- Title card of X-Ray Mega Airport
- Also known as: Inside Frankfurt Airport
- Genre: Documentary
- Narrated by: Colin Mace
- Country of origin: United Kingdom
- Original language: English
- No. of seasons: 1
- No. of episodes: 5

Production
- Executive producers: Liz Brach Richard Dale Sanjay Singhal
- Running time: 60 minutes (inc. adverts)
- Production company: Voltage TV

Original release
- Network: Discovery Channel
- Release: 21 May – 18 June 2015

= X-Ray Mega Airport =

X-Ray Mega Airport (also known as Inside Frankfurt Airport) is a five-part British television series which premiered on 21 May 2015 on the Discovery Channel in the United Kingdom and subsequently on international versions of the Discovery Channel in more than 220 territories. The program was commissioned by Discovery International in 2014, and is produced by Voltage TV.

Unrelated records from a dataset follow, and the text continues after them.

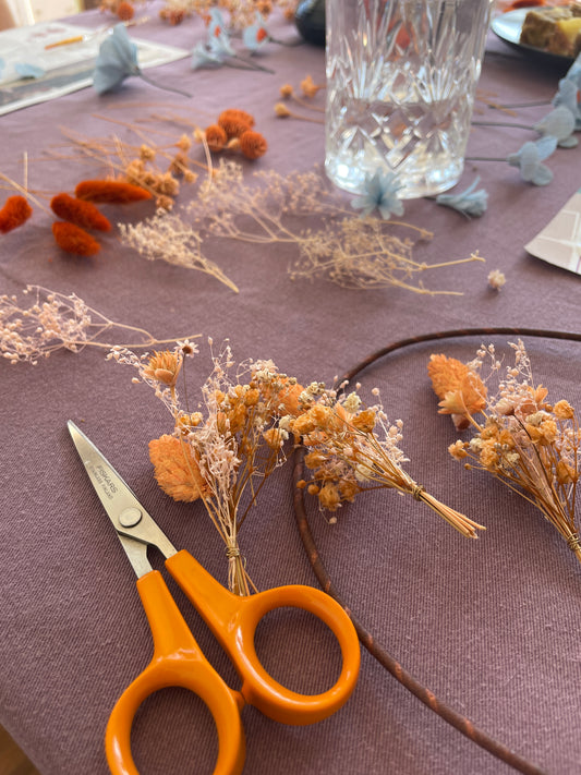 ATELIER COURONNE DE TÊTE DE FLEURS EN PAPIER ET SÉCHÉES - RÉSERVATION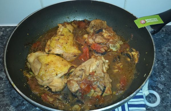 Une bonne recette de poulet, facile et rapide à préparer. De bonnes saveurs et du goût. Toutefois, manque de précisions pour la découpe des tomates, la quantité des champignons et le dosage du thym et de l'huile. La sauce est aussi un peu trop liquide, servi avec du riz.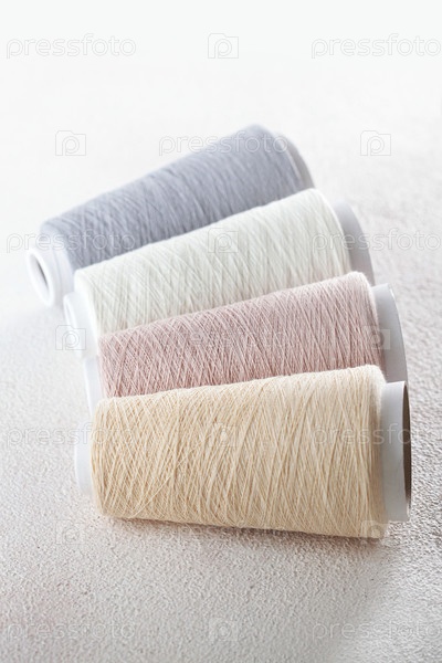 Прямая шерстяная пряжа на катушках. натуральная вата. пряжа для ручного или машинного вязания. бежевые, розовые и серые цвета. концепция хобби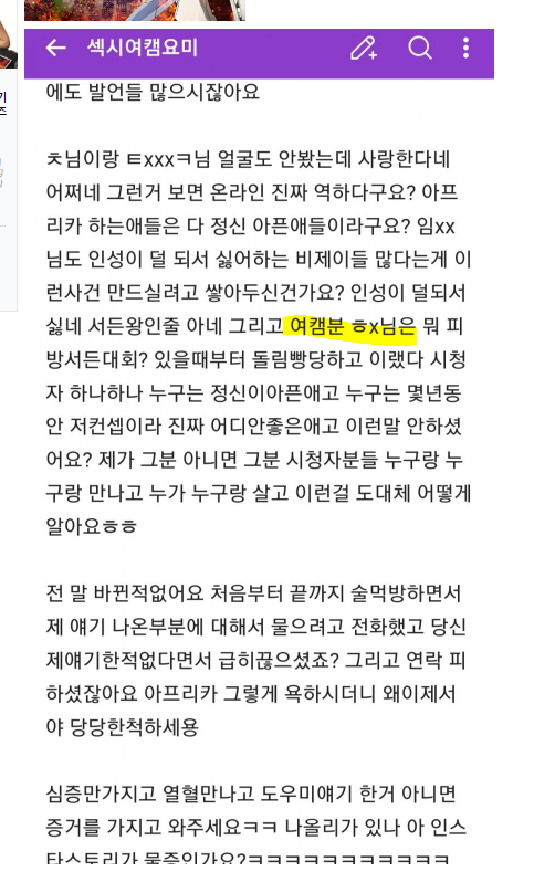 우연히 구글링 하다가 ㅇㅌ 전여친이 폭로글 본건데..누구임? 이런것도 물어보면 문제되나?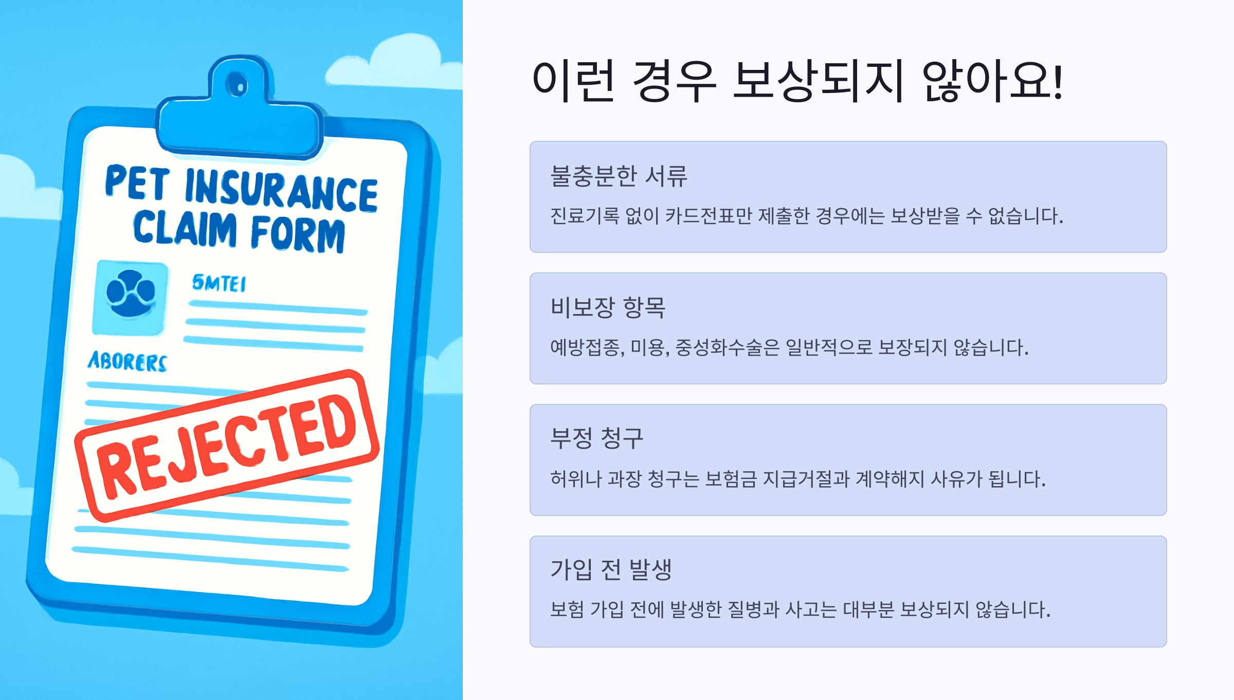 네 번째는 약관상 ‘면책질환’이에요. 일부 보험사는 슬개골탈구, 구강질환, 피부염 등 특정 질환을 원칙적으로 보장하지 않아요. 이는 약관에 명시된 항목으로, 가입할 때는 보장 범위를 꼭 읽어보고 선택해야 해요.

The series examines Frankfurt International Airport using CGI, laser scanning technology and thermal cameras to investigate the science and technology behind aviation.

==Episodes==

| No. | Title | Original release date |
| 1 | "Race Against the Clock" | 21 May 2015 |
Discover how every action at a mega-airport is planned to the hour, the minute, and the second. Keeping to such a regimented schedule requires thousands of engineers to race against the clock, twenty-four hours a day.
| 2 | "Total Control" | 28 May 2015 |
Using advanced equipment to x-ray scan the airport, find out how every action is precisely and predictably controlled, including that of the passengers as they enter the terminal, one of the most highly-controlled environments on Earth.
| 3 | "The Airport Never Sleeps" | 4 June 2015 |
Head behind the scenes at one of Europe’s busiest hubs, and discover how an operation the size of Frankfurt never enjoys down-time.
| 4 | "Crossroads of the World" | 11 June 2015 |
Head into the heart of this global mega-airport and explore its vital role in the world’s vast international air network. Flights from five continents land at Germany’s biggest airport every day - a feat only possible due to specialists from seventy countries working together to welcome passengers to the Frankfurt hub.
| 5 | "Failure Is Not An Option" | 18 June 2015 |
The airport’s engineering teams are under pressure, managing specialist technology that they cannot risk to fail. Witness an engine change on an A380 airliner, before finding out the precautions involved in pumping tens of thousands of litres of highly flammable aviation fuel.

==Broadcast==
In the United Kingdom, the series premiered on the Discovery Channel on 21 May 2015. In Germany, the setting for the program, the series premiered under the title Inside Frankfurt Airport on 26 May 2015 on the German Discovery Channel.

In Australia, the series premiered on 9 June 2015 on the Australian Discovery Channel and was watched by 6,000 viewers overnight and another 10,000 viewers who timeshifted the program within 7 days. It premiered on the English language Southeast Asian feed of Discovery Channel Asia on 24 June 2015. The series premiered in the United States on 3 January 2016 on the Smithsonian Channel to 78,000 viewers.